This deck is an interesting twist on the Secret Paladin strategy that focuses much more heavily on buffs than usual. Instead of overloading the deck with Secrets to maximise the power of Mysterious Challenger it instead limits the amount of Secrets to a minimum in order to fit more powerful targets for buff effects into the deck like Dragon Egg and Nerubian Egg.

Your strong openings will consist primarily of cards like Dragon Egg, Nerubian Egg, and Abusive Sergeant, alongside the usual powerful Paladin cards like Shielded Minibot and Muster for Battle. Your other low Mana cards and the Secrets should not usually be kept in your opening hand as they are not individually powerful enough to compete for the board early, despite their low Mana cost.

The advantage from this deck is primarily generated from placing powerful buff effects on your Egg cards in order to create extremely awkward situations for your opponent. Avenge, Blessing of Kings, Keeper of Uldaman, and Abusive Sergeant can all be used to get immediate value out of your Eggs, while Coghammer can turn them into an irritating wall that your opponent will have to deal with. Although these cards are most powerful when used on your Eggs, you should not be afraid to use them to buff other minions if it creates a powerful effect on the current board. On top of this, you should consider whether it is in fact more beneficial to leave your Eggs unactivated in order to protect your board from important AoE spells from your opponent.
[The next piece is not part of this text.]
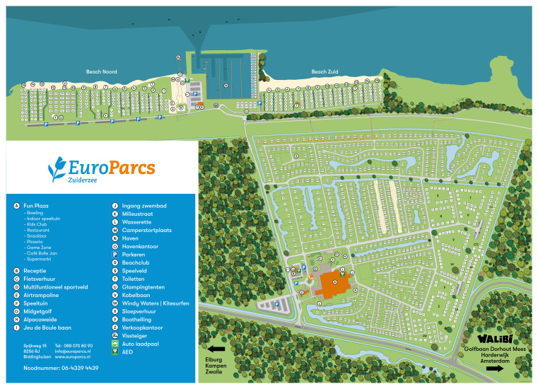 Settle yourself on the shores of the Veluwemeer at EuroParcs Zuiderzee, located in the green heart of Flevoland. This holiday park is a paradise for water sports enthusiasts, adventurers, and nature lovers. Rent a boat, explore the expansive Veluwe forests, or dare to take a ride on the thrilling roller coasters at Walibi Holland. At the park, you'll find a swimming pool, bowling alley, and many more facilities to make sure you have an even better time!

Outside of these extra buff cards, this deck plays out very similarly to Secret Paladin in that your best play on each turn will be the one that generates the most power on the board. You should look to curve out as powerfully as possible, and pick up favourable trades wherever possible. This deck is aggressive, but not an all-out face deck, which is an important distinction. The key is to use your buffs and Divine Shield effects in order to gain incremental advantages on the board and eventually generate a large board that your opponent is unable to deal with, sealing you the win.

The late-game of this deck is pretty much identical to that of a regular Secret Paladin, with Mysterious Challenger, Dr. Boom, and Tirion Fordring providing perhaps the most powerful game-ending package available to any deck in the game. The fact that this combination is available to such an aggressive midrange deck makes it even more potent, since your early-game pressure will serve to make each of these late-game minions even more threatening.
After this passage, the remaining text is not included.